Lowell Observatory and Grand Canyon take a glimpse into native constellation storytelling
FLAGSTAFF, AZ (3TV/CBS 5) - Every winter for generations, indigenous communities look to the skies and tell stories about their past and present through constellations. Tribe members are usually the only ones who can share these stories, but the public will get a rare glimpse into this history on Wednesday.
The dark skies over the Grand Canyon and Flagstaff offer a view of the night sky that not many get to experience. “Over 80% of people living in the United States can’t see the Milky Way from where they live, so a lot of people don’t get to experience the dark skies very often,” said Caity Varian, Marketing Manager for Grand Canyon Conservancy.
For centuries, indigenous communities looked to the sky for guidance, using constellations to navigate, farm, and connect spiritually. In honor of Native American Heritage Month, Lowell Observatory and the Grand Canyon Conservancy are partnering with astronomers from the Paiute Indian Tribe of Utah to honor that deep connection between native culture and the dark skies.
“Indigenous Science or TEK (Traditional Ecological Knowledge) stands on equal footing with westernized science; they are one and the same,” remarks Autumn Gillard, representative from the Paiute Indian Tribe of Utah and headlining guest for the upcoming livestream event. “To me, understanding the universe and our connection to the sky is not just about scientific inquiry—it’s a means of connecting with my heritage and embracing my identity as a native woman.”

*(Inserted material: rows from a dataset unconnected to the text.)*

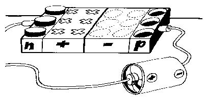 Now the electrons from the battery pushes the free electrons of the n-material. Then they move towards the positive holes and they are attracted by the positive side of the battery.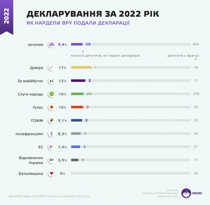 За 2022 год только 38 депутатов добровольно подали имущественные декларации – движение "Чесно"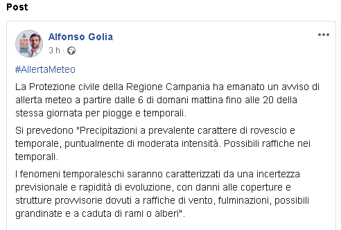 "Allerta meteo. La Protezione civile della Regione Campania ha emanato un avviso di allerta meteo a partire dalle 6 di domani mattina fino alle 20 della stessa giornata per piogge e temporali. Si prevedono "Precipitazioni a prevalente carattere di rovescio e temporale, puntualmente di moderata intensità. Possibili raffiche nei temporali. I fenomeni temporaleschi saranno caratterizzati da una incertezza previsionale e rapidità di evoluzione, con danni alle coperture e strutture provvisorie dovuti a raffiche di vento, fulminazioni, possibili grandinate e a caduta di rami o alberi".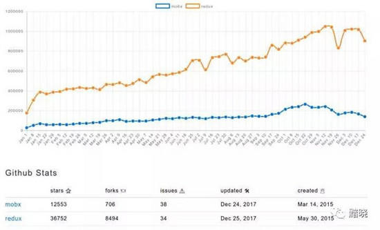 Redux 仍然作为 React 项目推荐的状态管理解决方案,并在 2017年获得了五倍的增长速度(NPM 下载量)。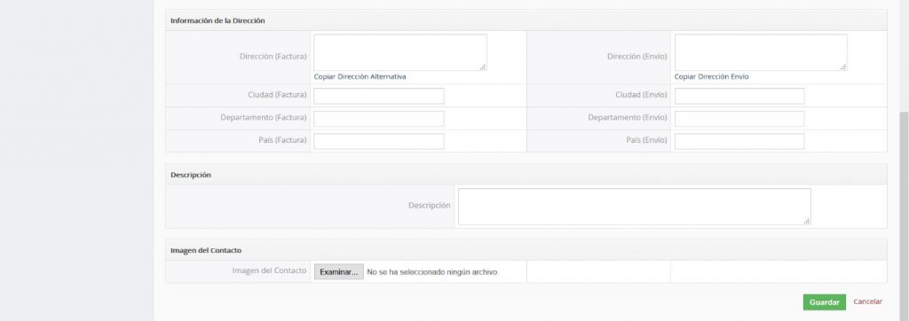 Imagen del Contacto: Si está disponible, usted puede cargar una imagen del contacto al CRM. Por favor note que esta imagen debe estar en formato png, jpg o gif. A su vez, debe observar que esta imagen también será mostrada como icono en la vista de listado de contactos.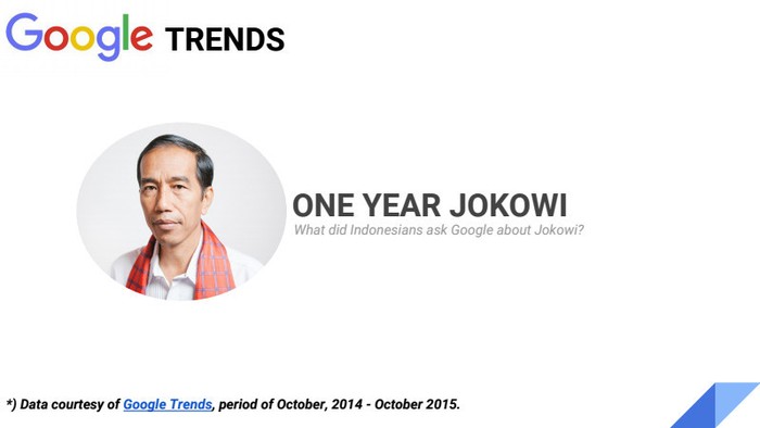 Kemudian topik yang paling dicari terkait Jokowi sendiri antara lain adalah Budi Gunawan dan Megawati, Bali Nine, Pelantikan Ketua Kapolri, Reshuffle Kabinet, serta Danau Toba dan Asap Riau. Terlihat urutan topik ini mengikuti isu yang berkembang selama setahun ke belakang.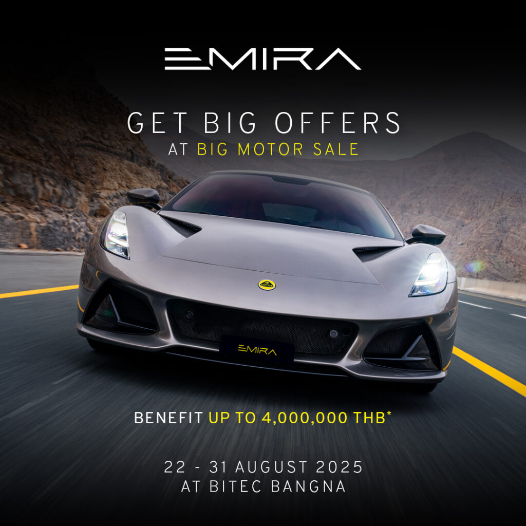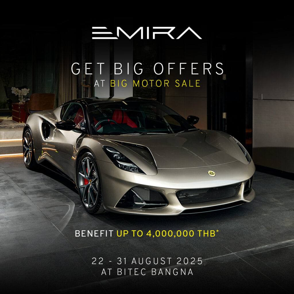 ตอกย้ำ คอนเซปต์ ‘Lotus For Everyone’ ที่ทุกท่านสามารถเป็นเจ้าของรถยนต์โลตัสได้แล้ววันนี้ มอบสิทธิพิเศษเฉพาะงาน Big Motor Sale 2025 ด้วยข้อเสนอพิเศษมูลค่าสูงสุด 4 ล้านบาท* สำหรับรถสปอร์ต อย่าง Lotus Emira First Edition V6 พร้อมเปิดจองในราคาที่ดีที่สุดแห่งปี เพียง 8.99 ล้านบาท* ด้วยเครื่องยนต์เบนซิน V6 ขนาด 3.5 ลิตร ซูเปอร์ชาร์จ (Supercharged) รุ่นพิเศษที่คุ้มค่าแก่การครอบครอง และ Lotus Emira First Edition i4 เครื่องยนต์ 2.0 ลิตร เทอร์โบ (I4) เปิดจองราคาพิเศษที่ไม่เคยมีมาก่อน เพียง 7.99 ล้านบาท* มาพร้อมเกียร์ 8 Speed dual clutch พร้อมพวงมาลัยแบบไฮดรอลิก ตอบสนองการขับขี่ได้อย่างแม่นยำ

The livestream starts at 8 p.m. on Wednesday. People will have the opportunity to ask questions about the stories, but it’s important to note not all stories will be shared for the respect of the tribe. “Lowell will be displaying the stream, they will show what they are displaying from their telescopes live, and then autumn will be talking about different things in the sky,” Varian said. “She typically talks about Jupiter or Saturn, the moon, the Milky Way, and several other objects in the night sky.”
Their goal is to showcase not only the beauty of protected dark skies but also, for many tribe members, a way to connect their heritage and history. “Trying to elevate the indigenous voices that come from the 11 different tribes that call Grand Canyon home,” Varian said. “So we like to do that both at the park, but also these virtual opportunities are really cool to be able to learn and hear directly from indigenous voices to tell their stories, to share their culture, to share their heritage.”